◆ TASK GOAL
An exact copy of the data is required; the images should not appear in it.

◆ THE DATA
=== Section Start ===

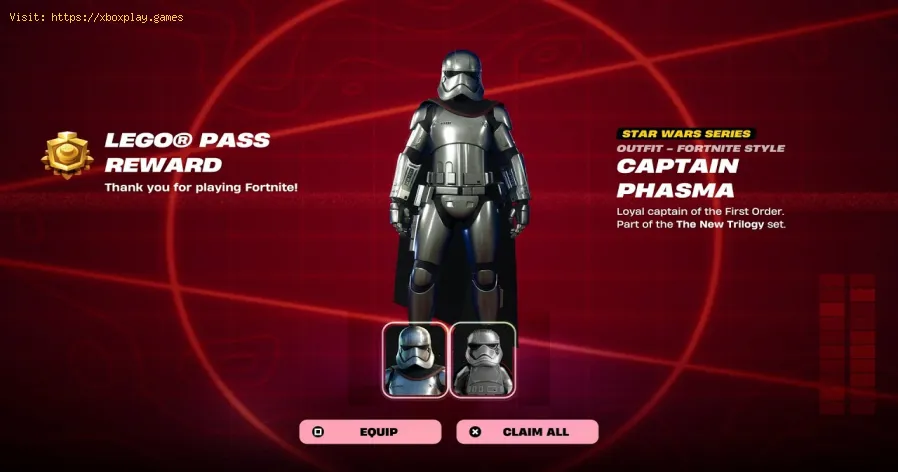 Captain Phasma skin will be automatically awarded to your account. There is no need to complete any specific challenges or level up within the pass to unlock this particular skin. It's an instant reward for participating in the First Order LEGO Pass event.
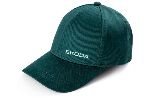 Baseballová čepice v barvě emerald green s vyšívaným logem Škoda. 6 panelů, pásek k regulaci velikosti s kovovou přezkou a logem Škod
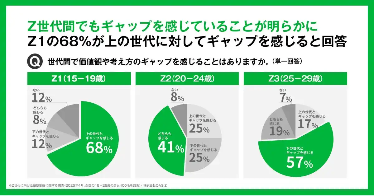 Z世代間でもギャップを感じていることが明らかに!Z1の68%が上の世代に対してギャップを感じると回答 |

=== Section End ===

◆ WRITTEN SOLUTION
 Captain Phasma skin will be automatically awarded to your account. There is no need to complete any specific challenges or level up within the pass to unlock this particular skin. It's an instant reward for participating in the First Order LEGO Pass event.
 Baseballová čepice v barvě emerald green s vyšívaným logem Škoda. 6 panelů, pásek k regulaci velikosti s kovovou přezkou a logem Škod
 Z世代間でもギャップを感じていることが明らかに!Z1の68%が上の世代に対してギャップを感じると回答 |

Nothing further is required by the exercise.